Scientists at the Queen Mary University of London have developed a new method to grow mineralized materials which could regenerate hard tissues such as bone and dental enamel.
The outer part of the teeth is called the enamel, and it is the hardest tissue in the body and enables the teeth to function for a large part of one’s lifespan regardless of exposure to acidic foods and drinks, biting forces, and extreme temperatures. This significant performance results from its very organized structure.
However, in contrast to other tissues of the body, enamel cannot regenerate when it is lost, which can result in pain and tooth loss. These problems impact over 50% of the world’s population and so discovering ways to recreate enamel has long been a crucial necessity in dentistry.
The research, reported in Nature Communications, reveals that this new method can develop materials with outstanding precision and order that look and act like dental enamel.
The materials can be used for a wide range of dental complications such as the prevention and treatment of tooth decay or tooth sensitivity—also called dentin hypersensitivity.
This is exciting because the simplicity and versatility of the mineralisation platform opens up opportunities to treat and regenerate dental tissues. For example, we could develop acid resistant bandages that can infiltrate, mineralise, and shield exposed dentinal tubules of human teeth for the treatment of dentin hypersensitivity.”

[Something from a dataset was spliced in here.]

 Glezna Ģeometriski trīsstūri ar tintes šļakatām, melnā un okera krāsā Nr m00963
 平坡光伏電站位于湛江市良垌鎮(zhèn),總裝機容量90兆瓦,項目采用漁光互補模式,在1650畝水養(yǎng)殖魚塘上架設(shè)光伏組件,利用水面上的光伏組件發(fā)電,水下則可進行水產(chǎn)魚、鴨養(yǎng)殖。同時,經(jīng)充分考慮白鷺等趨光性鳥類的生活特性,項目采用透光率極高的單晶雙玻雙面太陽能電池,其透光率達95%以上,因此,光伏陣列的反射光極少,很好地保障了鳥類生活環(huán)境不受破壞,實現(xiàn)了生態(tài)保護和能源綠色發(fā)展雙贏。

Dr Sherif Elsharkawy, Queen Mary's University of London
Simple and versatile
The mechanism that has been established is based on a particular protein material that is able to stimulate and guide the growth of apatite nanocrystals at numerous scales - similar to the growth of crystals when dental enamel develops in the human body.

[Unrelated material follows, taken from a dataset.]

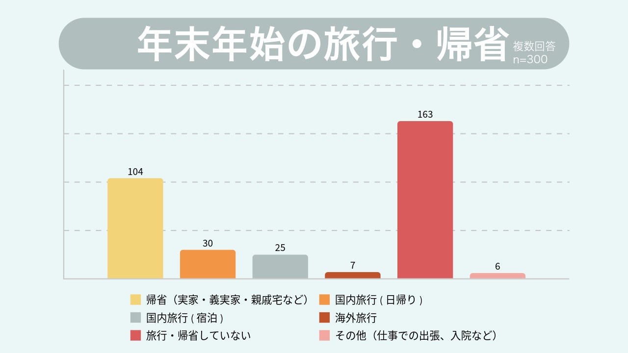 アンケートに回答した300名に年末年始期間(2024年12月28日~2025年1月5日)の帰省・旅行について質問したところ、最も多かった回答は「旅行・帰省していない」163人(約54.3%)でした。

This structural organization is important for the exceptional physical properties displayed by natural dental enamel.
A major goal in materials science is to learn from nature to develop useful materials based on the precise control of molecular building-blocks. The key discovery has been the possibility to exploit disordered proteins to control and guide the process of mineralisation at multiple scales.

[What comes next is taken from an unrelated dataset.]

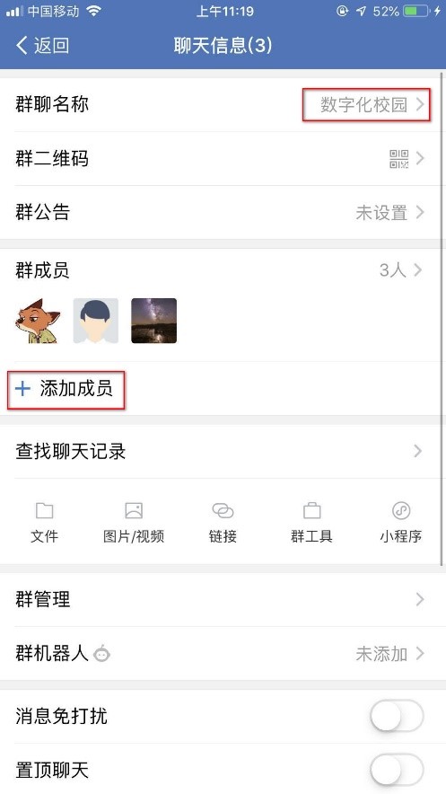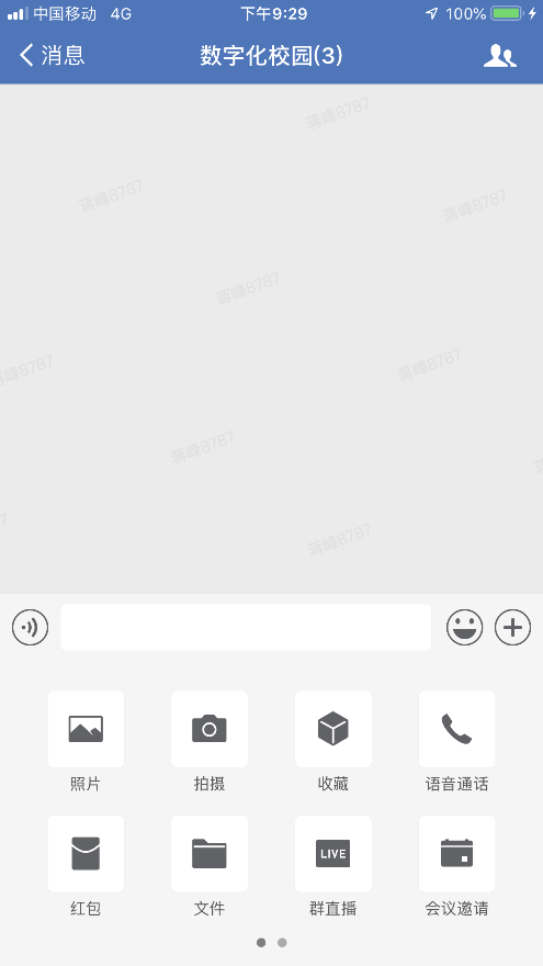 2、進(jìn)入群聊,點(diǎn)擊右下角“+”,可以看到,如下功能菜單:

Through this, we have developed a technique to easily grow synthetic materials that emulate such hierarchically organised architecture over large areas and with the capacity to tune their properties.”
Professor Alvaro Mata, Lead Author
Mimic other hard tissues
Facilitating control of the mineralization process opens the prospect to develop materials with properties that mimic various hard tissues beyond enamel such as dentin and bone. As such, the study has the potential to be used in a range of applications in regenerative medicine.
Furthermore, the research also provides understanding into the role of protein disorder in human pathology and physiology.
The study was financed by the Marie Curie Integration Grant (BIOMORPH) and the European Research Council (ERC) Starting Grant (STROFUNSCAFF).